Key offensive metrics, such as Goals,
Effective.Kicks, and Effective.Handballs, show
strong positive coefficients and highly significant p-values. This
indicates that these actions greatly boost the chances of receiving
votes and serve as reliable predictors. While ineffective actions like
Ineffective.Kicks and Ineffective.Handballs
also have positive coefficients, their impact is somewhat less
pronounced, though they still hold statistical significance.
Defensive metrics are equally important. Tackles (inside and outside
the 50-metre arc) and intercepts (possessions and marks) both positively
contribute to vote-getting. This highlights the value of defensive
efforts in gaining recognition. On the flip side, negative coefficients
for actions like Frees.Against suggest that penalties and
failures can hinder the likelihood of receiving votes.
Team performance metrics play a crucial role as well. The model indicates that winning a match and the nature of losses significantly influence vote counts, with losses having a notably negative impact. Team scoring and opponent scoring further illustrate how overall game outcomes affect individual recognition.
As I assumed, the model also takes into a player’s primary position, with midfielders more likely to receive votes than those playing in other positions, such as rucks and medium defenders.
But most eye-opening, is that coaches votes have a significant relationship to vote-getting on Brownlow Medal night, with all combinations of coaches votes (from 1 to 10) being significant variables in the model.
I’ve decided not to regularize or reduce the model because my primary goal was to capture as much detailed information as possible from the available data. Since the Brownlow Medal voting process is subjective and influenced by a multitude of factors, I wanted to ensure that no potentially valuable information was excluded from the model. Regularizing or simplifying the model could have risked losing some of this nuance, potentially missing out on subtle patterns that contribute to how votes are awarded. By allowing the model to be more complex, I aimed to increase its ability to pick up on these smaller details, which may be critical in accurately predicting votes in tight races or less obvious matchups. In this case, maximizing the model’s flexibility was more important than trying to prevent overfitting, as I believe the richness of the data outweighs the potential risks of over-complication.

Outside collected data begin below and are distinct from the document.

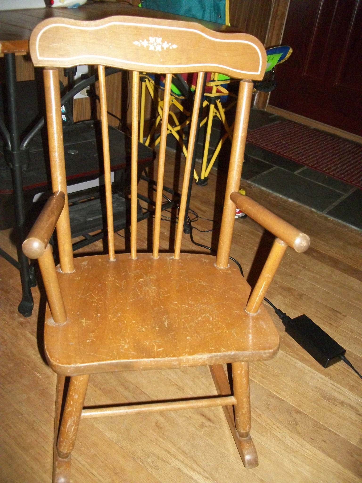 I am wondering about the worth of this chair. It is a child sized rocking chair. It is a golden brown with a picture/stenciling of a flower (I think) on the front. On the back is a sticker that identifies it as "Oak Hill Made in the U.S.A. Fitchburg, Mass." Any idea of the worth?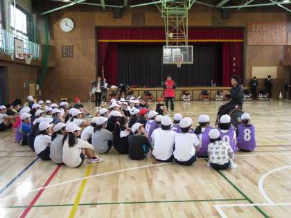 本日はオリンピック・パラリンピック教育の一貫として、アスリートの方をゲストティーチャーに堀江 航 選手を迎えて体験しました。子どもたちは車いすバスケットの面白さだけでなく、素晴らしい生き方や在り方に直にふれることができました。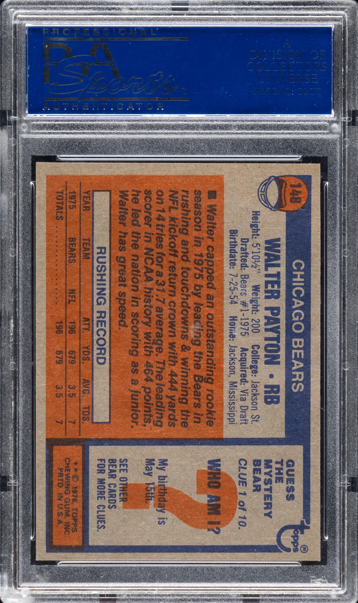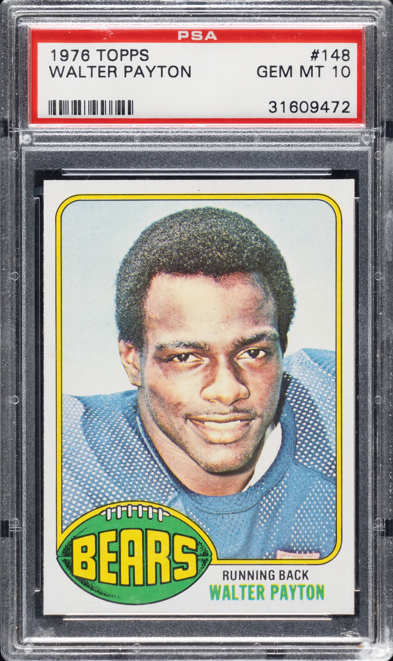Graded GEM MINT 10 by PSA. Spectacular ultra-high-grade rookie card of Hall of Famer Walter Payton from the 1976 Topps football set. This card boasts vibrant colors, superb image quality, sharp corners, and excellent centering. Examples of premier rookie cards, such as this, in extremely high grades have realized exceptionally strong prices recently. This is a tremendous rookie card of one of the great running backs in the history of the game and one of card collecting's modern classics. It would be at home in a world-class collection! Opening Bid $10,000.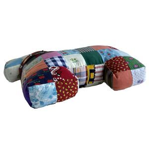 Vintage 1950s Handmade Patchwork Quilt Scottie Dog w Collar Pillow 14X14 Stuffie

Overall, this model emphasizes the complex nature of player performance evaluation, weaving together offensive skills, defensive capabilities, team success, and external recognition to predict Brownlow Votes. The combination of significant variables and their highly significant p-values suggests that excelling in multiple areas of the game is essential for gaining votes.
The model testing process involves applying the trained model to a new season’s data to predict the Brownlow Medal votes for each player in each game. This testing phase assesses the model’s performance and ensures its predictions are reliable and accurate.
#Create dataset that encompasses the testing period
brownlow_test <- brownlow_data %>%
filter(Year == test_season)
#Print the table in the nice format
datatable(head(brownlow_test,100), options = list(scrollX = TRUE, pageLength = 5))
After a quick peek of the 2024 data, I then standardise the numeric
values on the same scale as the training set, as well as create dummy
variables for the categorical variables Coaches.Votes,
Team.Result and Position.
#Standardise the numeric values, based on the training set
brownlow_test[,8:(ncol(brownlow_test)-4)] <- scale(brownlow_test[,8:(ncol(brownlow_test)-4)],
center=train_numeric_standardised.center,
scale=train_numeric_standardised.scale)
#Create dummy variables for Coaches Votes, Team Result and Position
brownlow_test <- dummy_cols(brownlow_test,
select_columns = c('Coaches.Votes', 'Team.Result', 'Position'),
remove_selected_columns = TRUE)
Next, the trained model is used to make predictions on the test data. The probabilities of receiving different vote counts (0, 1, 2, or 3 votes) are calculated for each player in each game.
#Use the predict function to make predictions on the test data
predictions <- predict(my_model,
newdata = brownlow_test %>% select(-Brownlow.Votes),
type = 'prob')
#Transform the predictions into a dataframe that is readable
predictions_probability_matrix <- data.frame(matrix(unlist(predictions),
nrow = nrow(brownlow_test)))
#Change the column names of the predictions_probability_matrix dataframe
colnames(predictions_probability_matrix) <- c("Votes.0", "Votes.1", "Votes.2", "Votes.3")
#Bind the columns of brownlow_test dataframe with predictions_probability_matrix
brownlow_test_predictions <- cbind.data.frame(brownlow_test, predictions_probability_matrix)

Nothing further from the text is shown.